A remotely controlled malware capable of intercepting and sending SMS, displaying fake activity, as well as downloading and installing other apps, was recently found lurking behind every app on Turkish alternative Android app store. It is at the back of this that Internet security company ESET East Africa has issued an alert to mobile phone users running on the Android platfom to be wary of alternative app stores’ potential to spread malware such as screen locking malware.
The alert comes after cyber-crime researchers discovered that www.CepKutusu.com, a Turkish alternative Android app store was spreading malware under the guise of all the offered Android apps on the site. When users browsed the Turkish alternative app store CepKutusu.com and proceeded to downloading an app, the “Download now” button led to banking malware detected as Android/Spy.Banker.IE instead of the desired app.
According to Teddy Njoroge, who is the country manager Kenya for ESET, ransomware is a fast growing problem for users of mobile devices.
“Just like SMS trojans, ransomware threats have evolved over the past few years with hackers adopting techniques that have proven effective in regular desktop malware to develop lock-screen types and file-encrypting ransomware. These have been causing major financial and data losses for years and which have now made their way to the Android platform,” he said.
After ESET researchers turned to the store’s operator with the discovery of the attack, the store ceased the malicious activity. ESET Android malware researcher, Lukas Stefanko said this was an entirely new tactic by cybercrimnals.

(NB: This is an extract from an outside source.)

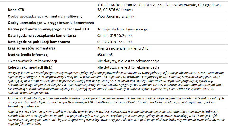 Ta publikacja handlowa jest informacyjna i edukacyjna. Nie jest rekomendacją inwestycyjną ani informacją rekomendującą lub sugerującą strategię inwestycyjną. W materiale nie sugerujemy żadnej strategii inwestycyjnej ani nie świadczymy usługi doradztwa inwestycyjnego. Materiał nie uwzględnia indywidualnej sytuacji finansowej, potrzeb i celów inwestycyjnych klienta. Nie jest też ofertą sprzedaży ani subskrypcji. Nie jest zaproszeniem do nabycia, reklamą ani promocją jakichkolwiek instrumentów finansowych. Publikację handlową przygotowaliśmy starannie i obiektywnie. Przedstawiamy stan faktyczny znany autorom w chwili tworzenia dokumentu. Nie umieszczamy w nim żadnych elementów oceniających. Informacje i badania oparte na historycznych danych lub wynikach oraz prognozy nie stanowią pewnego wskaźnika na przyszłość. Nie odpowiadamy za Twoje działania lub zaniechania, zwłaszcza za to, że zdecydujesz się nabyć lub zbyć instrumenty finansowe na podstawie informacji z tej publikacji handlowej. Nie odpowiadamy też za szkody, które mogą wynikać z bezpośredniego czy też pośredniego wykorzystania tych informacji. Inwestowanie jest ryzykowne. Inwestuj odpowiedzialnie.

“This is the first time I’ve seen an entire Android market infected like that. Within the Windows ecosystem and in browsers, this technique is known to have been used for some time but in the Android ecosystem, it’s really a new attack vector,” he said.
Athough the misdirection on www.CepKutusu.com was from a legitimate app to the malicious banking malware, the crooks behind the campaign added an exception, a tactic commonly used to increase the chances of staying longer under the radar.
The hackers introduced a seven-day window of not serving malware after a malicious download, thus falsely serving the user with clean download links, only to be redirected to the malware once they try to download any application from the store after the period lapses.
Although focused in Turkey and parts of Europe, the incident points to the growing appetite for mobile malware by hackers using masking tactics to hoodwink users and which could soon become the biggest cybersecurity problem yet.
To protect yourself, experts say that users should always download apps from official app stores and also practice caution when downloading any content from the Internet. Always pay attention to anything suspicious in file name, size and extension and use a reliable mobile security solution to protect you from the latest threats.
Game mode
And if you thought that these threats only affect smartphones, think again. A new threat targeting gamers worldwide with backdoor, spying, and DDoS capabilities was recovered in August, last month. Spread via Aeria games published on unofficial websites the sneaky malware named Joao, is modular malware capable of downloading and running other malicious code on the victim’s computer. To spread their malware, the attackers behind Joao have misused massively multiplayer online role-playing games (MMORPGs) originally published by Aeria Games.
Several other Aeria games have been misused in the same way in the past, however, their corresponding unofficial websites have either gone inactive or had the malicious downloads removed in the meantime. The affected games have been modified to run Joao’s main component – a malicious library with downloading capabilities mskdbe.dll, identified as Win32/Joao, is a big pain. When users run the game launcher, Joao is launched along with it. Detected
Upon launching, the Joao downloader first sends basic information about the infected computer – device name, OS version and information on user privileges – to the attacker’s server. Because the malware keeps its operations “silent” and the game works as expected, there’s nothing suspicious about the whole infection process from the user’s point of view. Compared to downloading and launching a legitimate Aeria game, the only visible difference is an extra .dll file in the game’s installation folder that needs a very keen eye to detect.
After the communication with the server has been established, server-side logic decides whether and which components will be sent to the victim’s computer. The components discovered showed backdoor, spying, and DDoS capabilities. To clean the malware though, one can use a reliable security solution to detect and remove the threat.
To avoid infections gamers are advised to Favor official sources whenever possible and to keep all games updated to avoid vulnerabilities that can be exploited by malicious actors.
In addition they should also use a reliable security solution while playing since many security solutions today have a gamer mode option that lets you enjoy your games without interruptions while also keeping your computer protected.